I need to prove that every compact metric space is complete. I think I need to use the following two facts:
- A set $K$ is compact if and only if every collection $\mathcal{F}$ of closed subsets with finite intersection property has $\bigcap\{F:F\in\mathcal{F}\}\neq\emptyset$.
- A metric space $(X,d)$ is complete if and only if for any sequence $\{F_n\}$ of non-empty closed sets with $F_1\supset F_2\supset\cdots$ and $\text{diam}~F_n\rightarrow0$, $\bigcap_{n=1}^{\infty}F_n$ contains a single point.
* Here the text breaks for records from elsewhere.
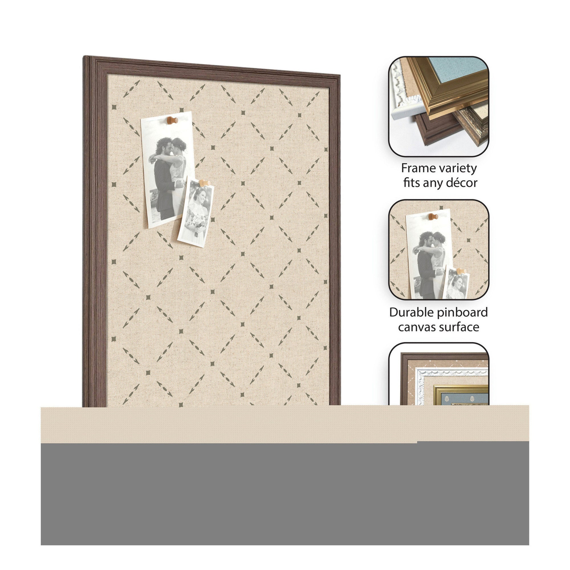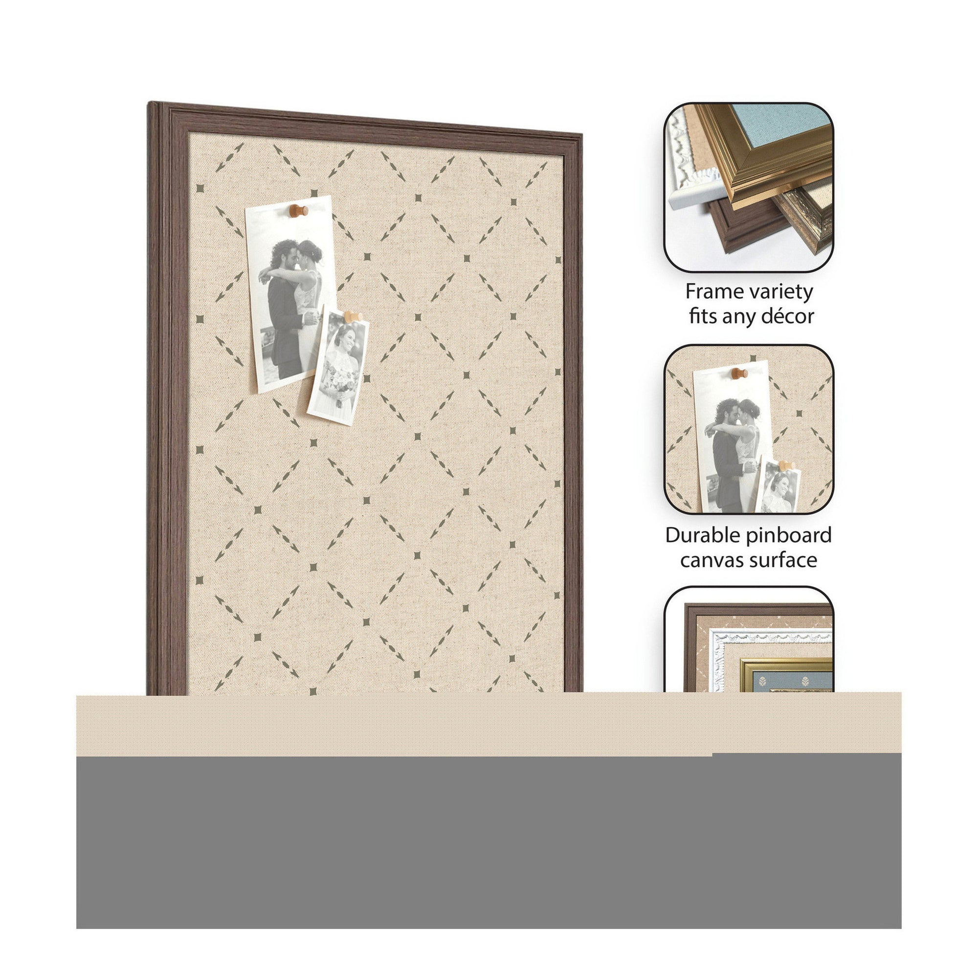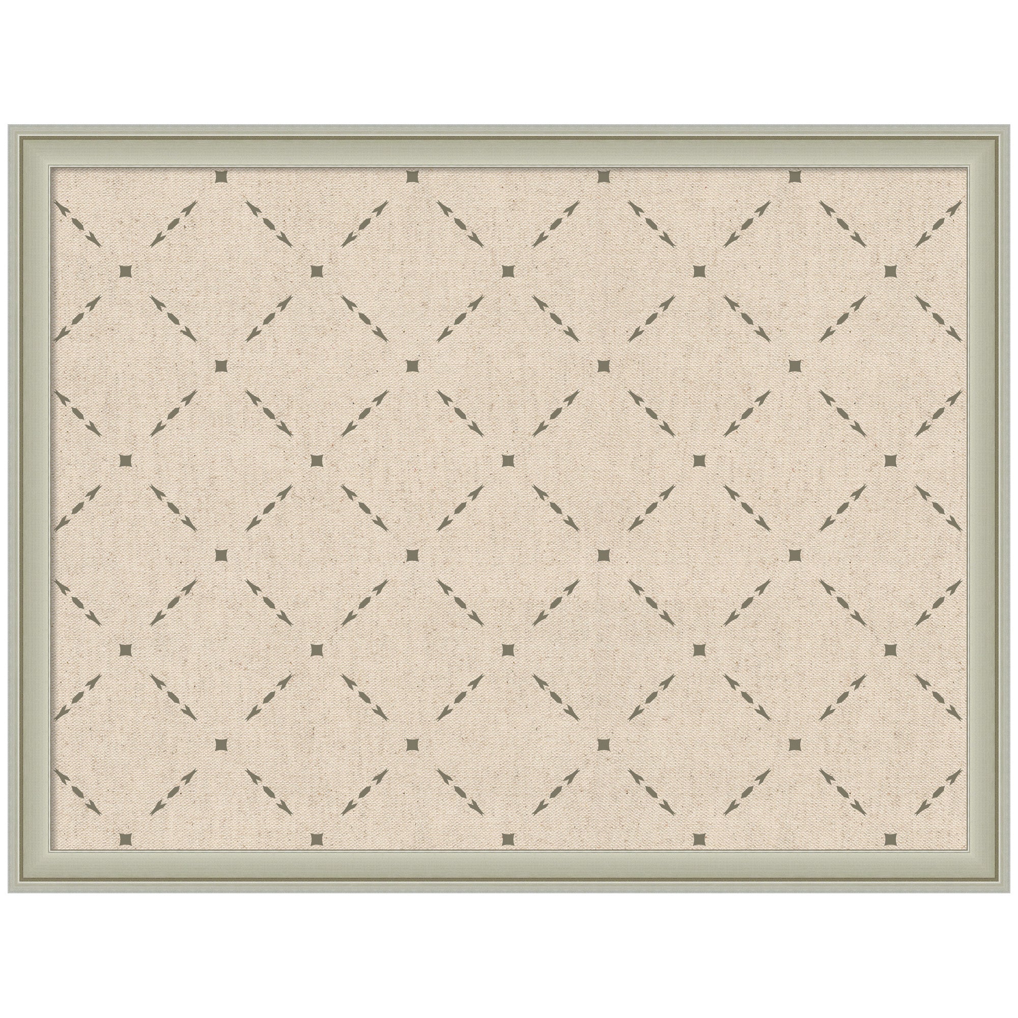 Organize your home in style with a fabric pinboard that has a sophisticated appeal. The neutral linen textile pattern accented with a green lattice print is inspired by the belief that organization doesn't have to be boring. The decorative pinboard has a lightweight construction with a high-quality, fabric pinning surface that allows pin to push fully in to showcase all your meaningful keepsakes. Use this functional, designer pinboard for hanging photos, wedding invitations, holiday cards, or even stellar report cards. As an stylish accent, the beautiful framed bulletin board looks excellent in any entryway, living room, bedroom, mudroom, or kitchen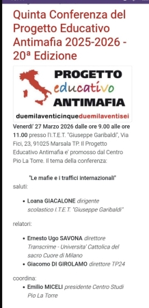 Si terrà, questa mattina, dalle ore 9 alle 11, presso l’I.T.E.T. “Giuseppe Garibaldi” di Marsala, l’ultima conferenza del Progetto educativo antimafia promosso dal Centro Studi Pio La Torre. Il tema scelto per questo appuntamento conclusivo, “Le mafie e i traffici internazionali”, pone al centro dell’attenzione un fenomeno sempre più complesso e globale, che coinvolge non solo l’Italia ma l’intero scenario internazionale.
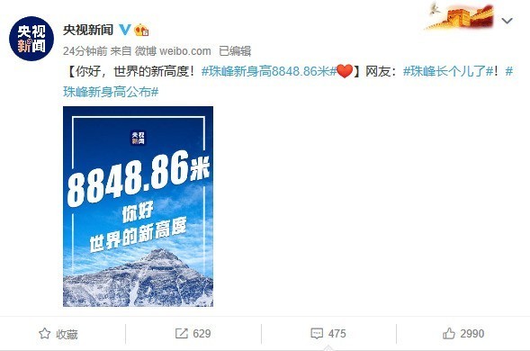 8848.86米!珠峰新高程公布!12 月 8 日消息 根据新华视点的消息,珠穆朗玛峰最新高程宣布——8848.86 米。随着“8848.86米!珠峰新高程公布”,很多网友纷纷调侃珠峰长高了。据悉此次珠峰测高综合运用了多种传统和现代测量技术,其中,全球导航卫星系统(GNSS)卫星测量是重要一环,并以我国北斗卫星导航系统数据为主,更为精准。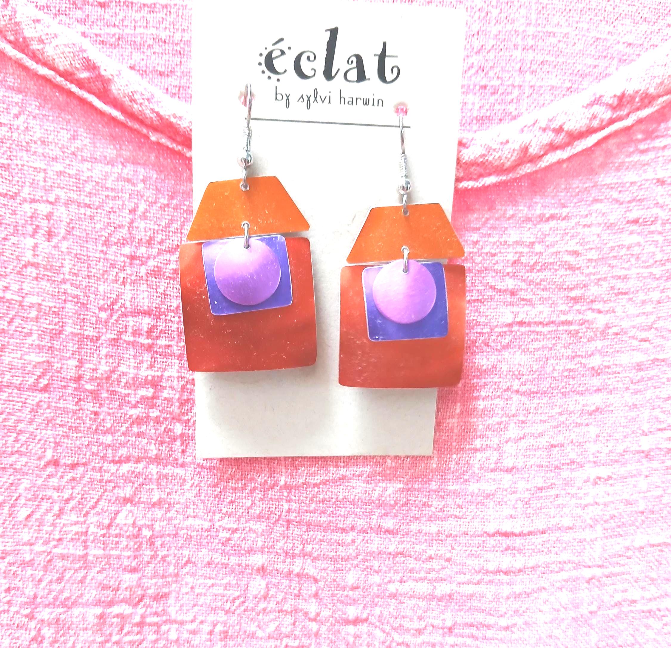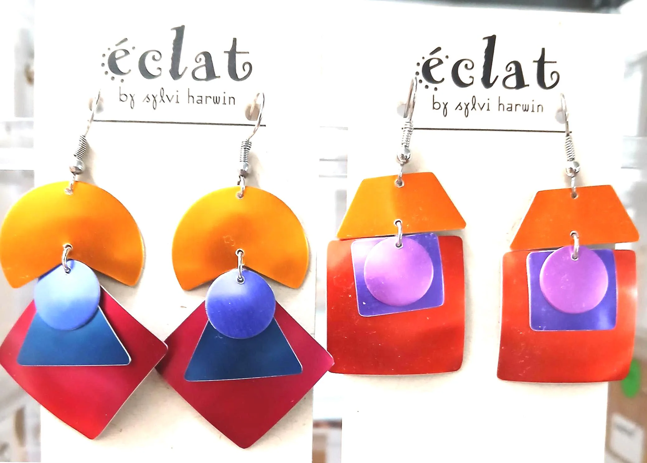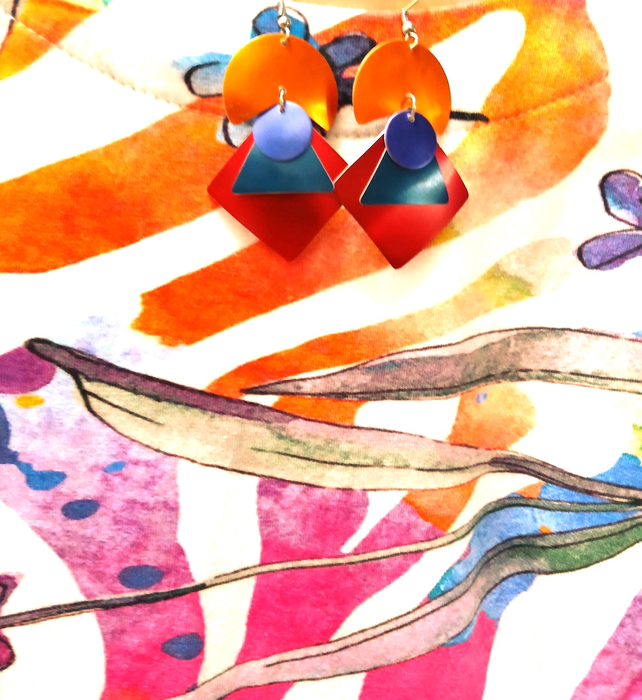 2 styles in hot colors dangle earrings by Eclat aluminum hand-crafted in California light and pefect for matching Your best colors.
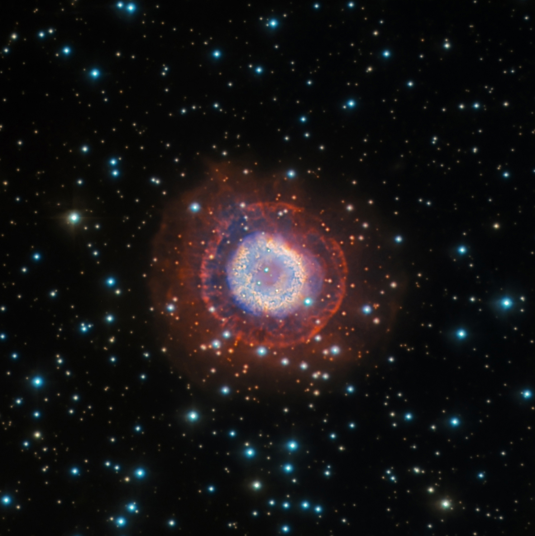Una de las peculiaridades de esta imagen, obtenida usando filtros estrechos, es que muestra una gran estructura en forma de halo alrededor del anillo principal. El halo, muy difícil ver en otras imágenes, es especialmente visible usando los filtros Halfa y parte de [OIII]. Esta estructura es muy parecida a la que muestra M57, que no comenzó a plasmarse en imágenes hasta hace relativamente pocos años, y eso gracias al uso de filtros estrechos y largos tiempos de exposición.
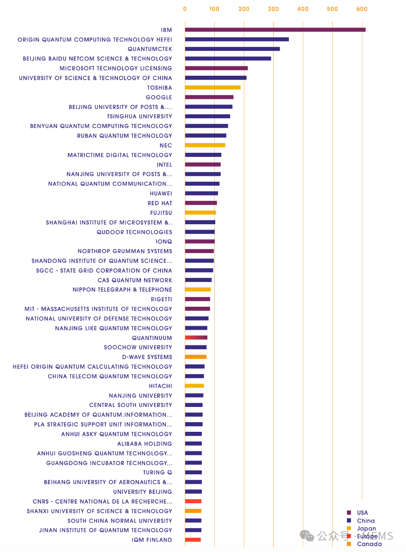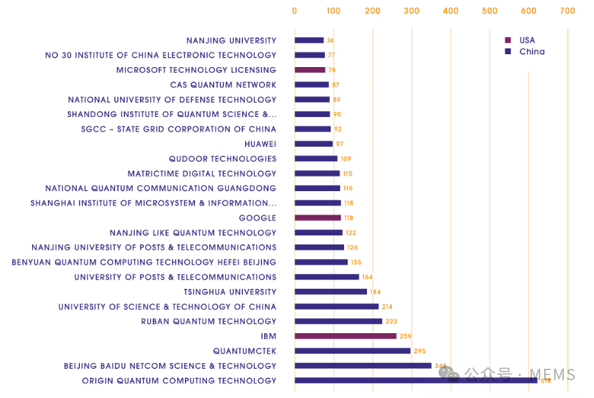 在中國申請的量子技術(shù)專利按申請量排名,前25位專利申請人中,除了三家來自美國的申請人(IBM、谷歌和微軟),其他全部為中國本土機構(gòu),包括本源量子計算科技(合肥)股份有限公司、北京百度網(wǎng)訊科技有限公司、科大國盾量子技術(shù)股份有限公司、如班量子科技有限公司、中國科學技術(shù)大學、清華大學、北京郵電大學及南京郵電大學等。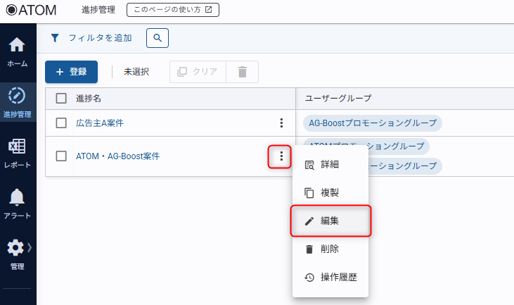 1. 進捗管理一覧画面内、編集したい進捗名の三点リーダから[編集]をクリックする
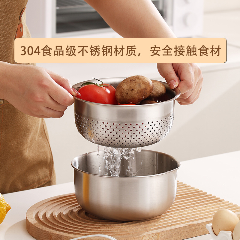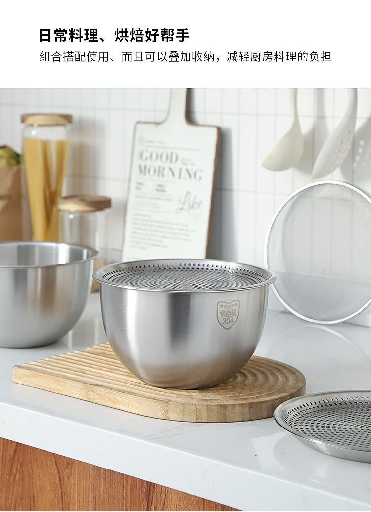 多功能沥水篮料理盆304洗菜盆淘米冲孔米筛 沙拉盆烘焙打蛋盆新品
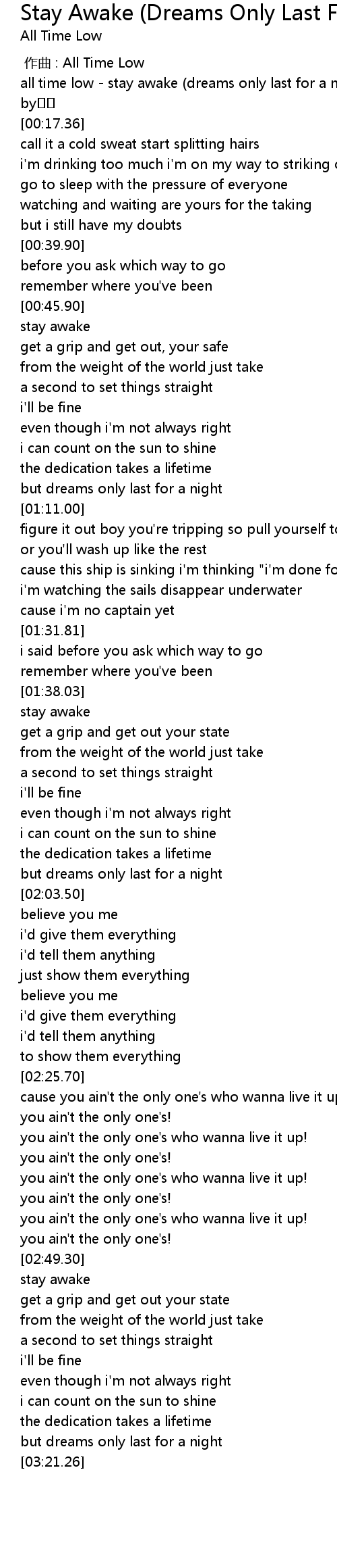 | [00:00.45] | all time low - stay awake (dreams only last for a night) |

I do not know how to arrive at my result that every compact metric space is complete. Any help?
Thanks in advance.
Let $\langle F_n\rangle_{n\in\Bbb{N}}$ be a descending sequence of nonempty closed sets satisfy that $\operatorname{diam} F_n\to 0$ as $n\to\infty$. You can easily check that if $m_1<m_2<\cdots<m_k$ then $$ F_{m_1}\cap F_{m_2}\cap\cdots\cap F_{m_k} =F_{m_k}\neq \varnothing $$ so $\langle F_n\rangle_{n\in\Bbb{N}}$ satisfies finite intersection property. Since $(X,d)$ is a compact metric space, $\bigcap_{n\in\Bbb{N}} F_n$ is not empty. Since $$ \operatorname{diam} \bigcap_{n\in\Bbb{N}} F_n \le \operatorname{diam} F_m\to 0\qquad \text{as }\> m\to\infty $$ so $\bigcap_{n\in\Bbb{N}} F_n$ contains at most one point. So $\bigcap_{n\in\Bbb{N}} F_n$ is singleton.